Today, "ß" is no more a ligature of "ſs" than "ä" is a ligature of "ae". The transition process from "ae" to "ä" has been completed about 200 years ago, and the transition process between "ſs" to "ß" is happening now. Encoding the uppercase "ä" as "A ZWJ E" (or something like that) would make as little sense as encoding the uppercase "ß" as "S ZWJ S".

I believe that "SS" is an anachronic, still-in-use but slowly-to-vanish poor man’s solution to write the uppercase "ß". I believe that it should be an exciting task for type designers now to come up with a new form. In my opinion, this issue is definitely not one that is completely solved. We’re in the middle of a slow transition period for "ß". The 1996 reform started it and showed the direction.

I myself once had the idea that Scedilla (U+015E, Ş) would be most appropriate for denoting uppercase ß.

After all, Ş is historically an S with a subscribed z (that at this time looked like ʒ).

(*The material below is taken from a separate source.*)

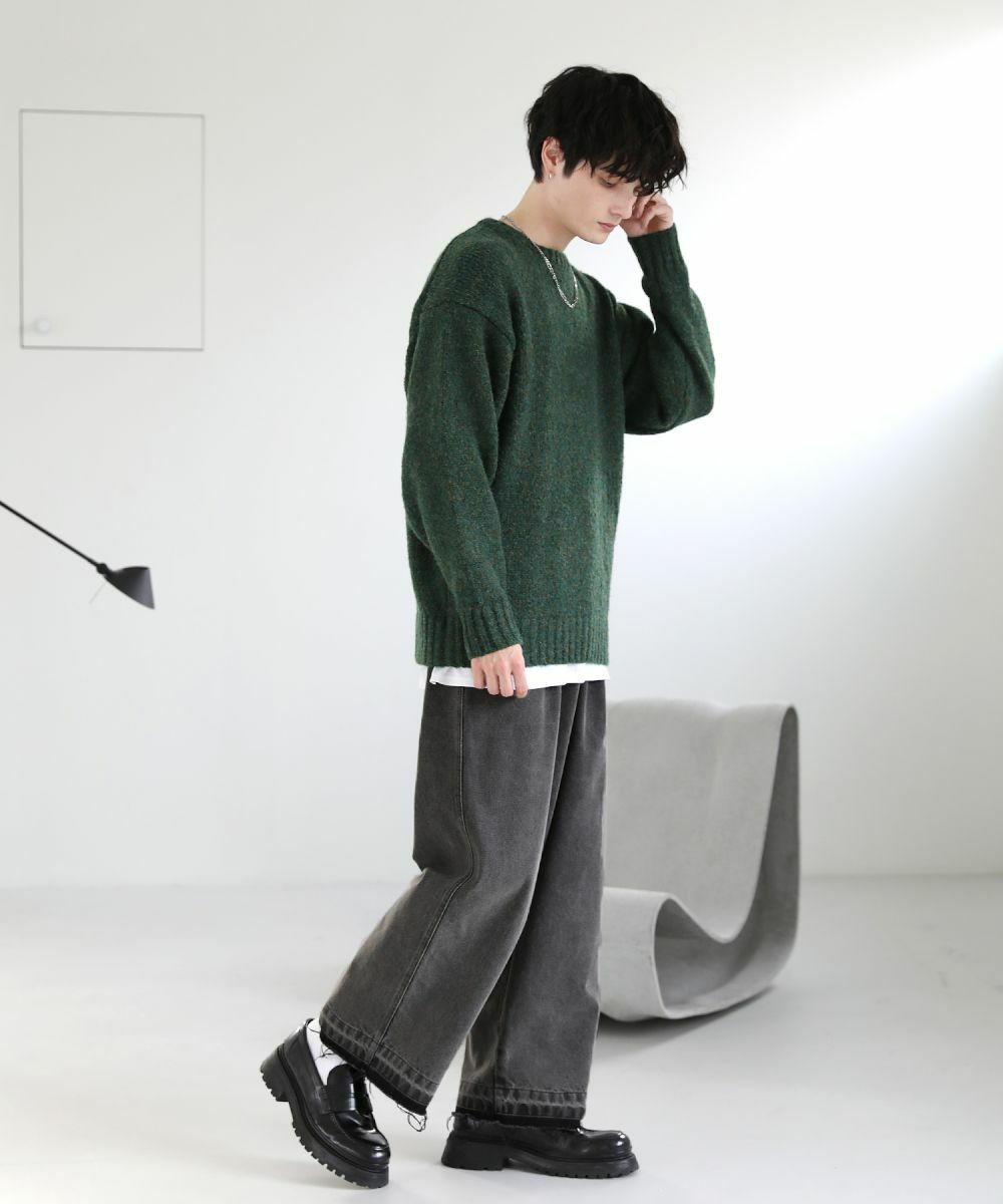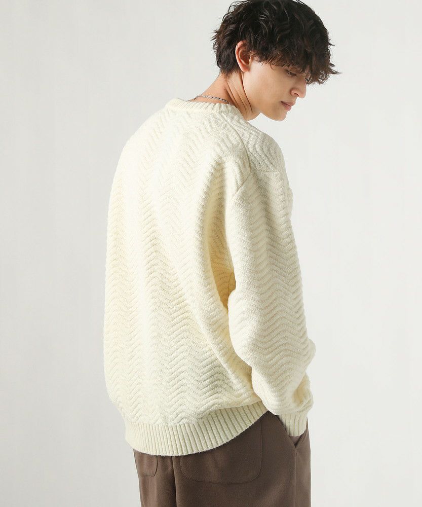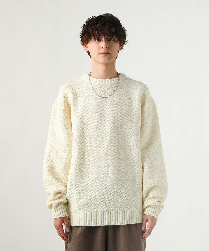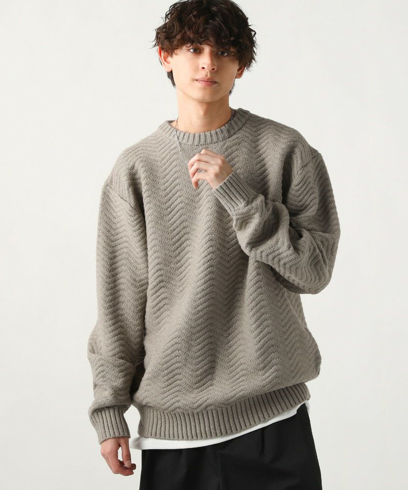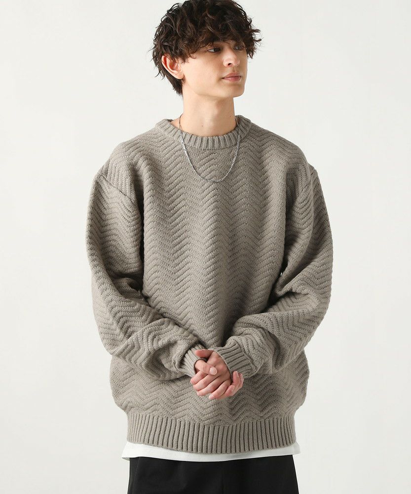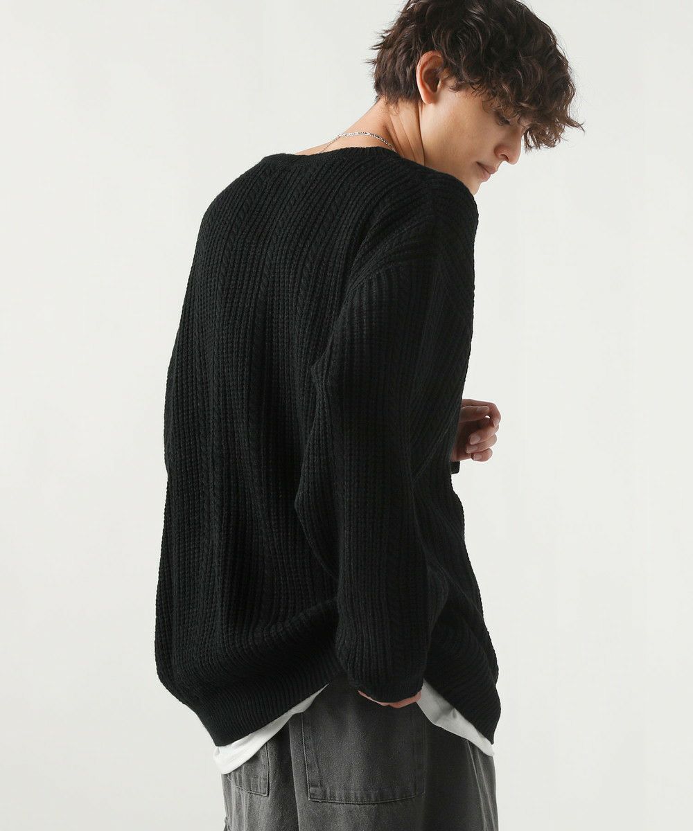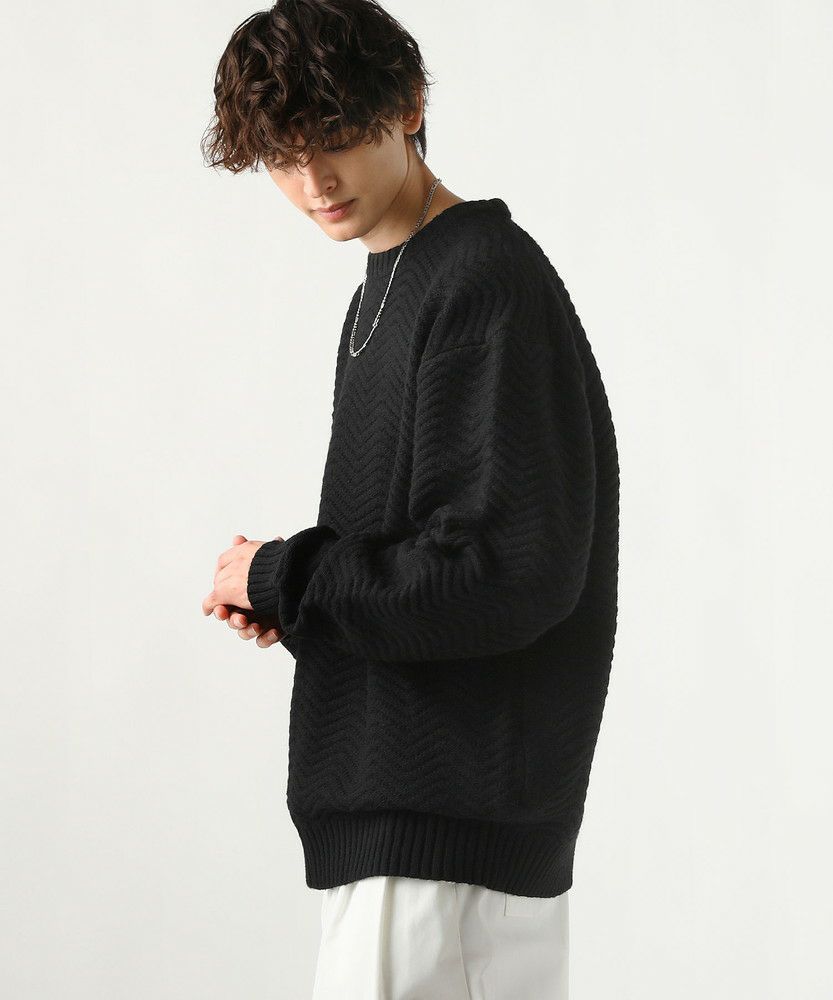 ビックシルエット配色ハンドステッチ長袖クルーネックニット

Since ß is a ligature of either ſs or of ſʒ, uppercasing it as Sʒ, or, effectively, Ş, would historically make sense.

Using this notation, "Gauß" or "Roßberg" would be uppercased to "GAUŞ" or "ROŞBERG".

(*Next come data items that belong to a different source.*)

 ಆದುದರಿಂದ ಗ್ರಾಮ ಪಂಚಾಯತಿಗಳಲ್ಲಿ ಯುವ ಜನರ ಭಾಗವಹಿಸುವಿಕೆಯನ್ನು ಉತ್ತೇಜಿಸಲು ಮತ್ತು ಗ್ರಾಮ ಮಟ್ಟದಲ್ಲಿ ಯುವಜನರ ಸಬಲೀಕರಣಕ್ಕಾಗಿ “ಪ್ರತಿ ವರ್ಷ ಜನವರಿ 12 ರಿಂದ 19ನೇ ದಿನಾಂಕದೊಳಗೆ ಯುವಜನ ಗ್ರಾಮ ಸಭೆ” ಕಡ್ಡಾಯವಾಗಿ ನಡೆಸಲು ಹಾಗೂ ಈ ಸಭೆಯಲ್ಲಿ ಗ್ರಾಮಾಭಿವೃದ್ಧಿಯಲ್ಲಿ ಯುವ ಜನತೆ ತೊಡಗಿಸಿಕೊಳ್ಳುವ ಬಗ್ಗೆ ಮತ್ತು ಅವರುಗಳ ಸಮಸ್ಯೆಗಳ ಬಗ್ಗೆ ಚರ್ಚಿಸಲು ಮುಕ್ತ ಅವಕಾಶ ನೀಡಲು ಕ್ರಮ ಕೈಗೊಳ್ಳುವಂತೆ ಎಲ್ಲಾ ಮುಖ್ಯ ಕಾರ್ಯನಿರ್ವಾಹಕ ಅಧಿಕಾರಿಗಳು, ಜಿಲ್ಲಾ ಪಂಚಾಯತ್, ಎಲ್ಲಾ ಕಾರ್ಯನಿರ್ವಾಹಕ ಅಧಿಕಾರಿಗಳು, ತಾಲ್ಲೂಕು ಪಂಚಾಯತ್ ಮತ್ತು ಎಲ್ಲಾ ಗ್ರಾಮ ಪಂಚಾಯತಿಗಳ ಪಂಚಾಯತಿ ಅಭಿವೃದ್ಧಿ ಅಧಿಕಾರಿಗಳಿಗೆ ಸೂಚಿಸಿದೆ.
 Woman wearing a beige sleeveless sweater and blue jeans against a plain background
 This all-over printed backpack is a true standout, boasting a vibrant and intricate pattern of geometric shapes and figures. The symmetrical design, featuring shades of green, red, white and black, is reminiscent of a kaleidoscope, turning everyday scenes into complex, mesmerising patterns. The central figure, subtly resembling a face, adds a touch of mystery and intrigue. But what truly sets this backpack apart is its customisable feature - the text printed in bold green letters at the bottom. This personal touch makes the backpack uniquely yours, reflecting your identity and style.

Similarly, the umlaut in "ä" or "ö" is historically a superscripted "e", so historically "ä" and "æ" are two different ligations of "ae", and "ö" and "œ" are two different ligations of "oe".

Since German readers are currently used to uppercasing ß as SS, i.e. they write "GAUSS" or "ROSSBERG", I even thought of a compromise: the SS remains doubled but for added distinctiveness, a subscribed z (i.e. a cedilla) is added after the first S. In other words, "Gauß" or "Roßberg" should be uppercased as "GAUŞS" or "ROŞSBERG".

Historically, this would make sense. The cedilla would here have a similar function to the trema in Spanish or French: "GAUŞS" would make clear that it comes from "Gauß" while "GAUSS" would make clear that it comes from "Gauss".

"ROŞSBERG" does not look very awkward to a German reader. The addition of a diacritic does not dramatically change the reading pattern but still adds a distinctive mark that is, indeed, needed. If I were to design a glyph that should go into U+1E9E, it would probably look like ŞS, or perhaps just SS, depending on the style of the typeface.

An alternative approach is to look at the existing uppercase-to-lowercase relations within the Latin alphabet and try to derive a shape for the uppercase ß which maintains the same relations.

In most of the middle ages and the period up until the 19th century, the long s ("ſ") and "f" were closely related, "f" being simply a "ſ" with a stroke going through. The same, very primitive graphic relation exists between the prototypic shapes of the Greek letters gamma (Γ) and digamma (Ϝ). Since the minuscule "f" always has been a "ſ" with a middle stroke, then the capital "F" might also be considered an uppercase "ſ" with a stroke going through. Of course an uppercase long s never existed, but this relation may be helpful when constructing the uppercase ß.

Because I think that *if* the Latin alphabet ever used or needed another capital S, the preferred shape could be that of a gamma (Γ). This is a simple, effective shape that maintains a stylistic relation to the lowercase long s that is typical of other uppercase-to-lowercase relations.

If we look at the relations between Aa Ee Ff Mm Pp, we will notice that sharp, edgy connections in the uppercase are related to more smooth, round connections in the lowercase. If "F" developed into "f" in a cursive hand, then it is very easy to imagine that a cursive rendition of the "Γ" shape might, indeed, look very much like "ſ".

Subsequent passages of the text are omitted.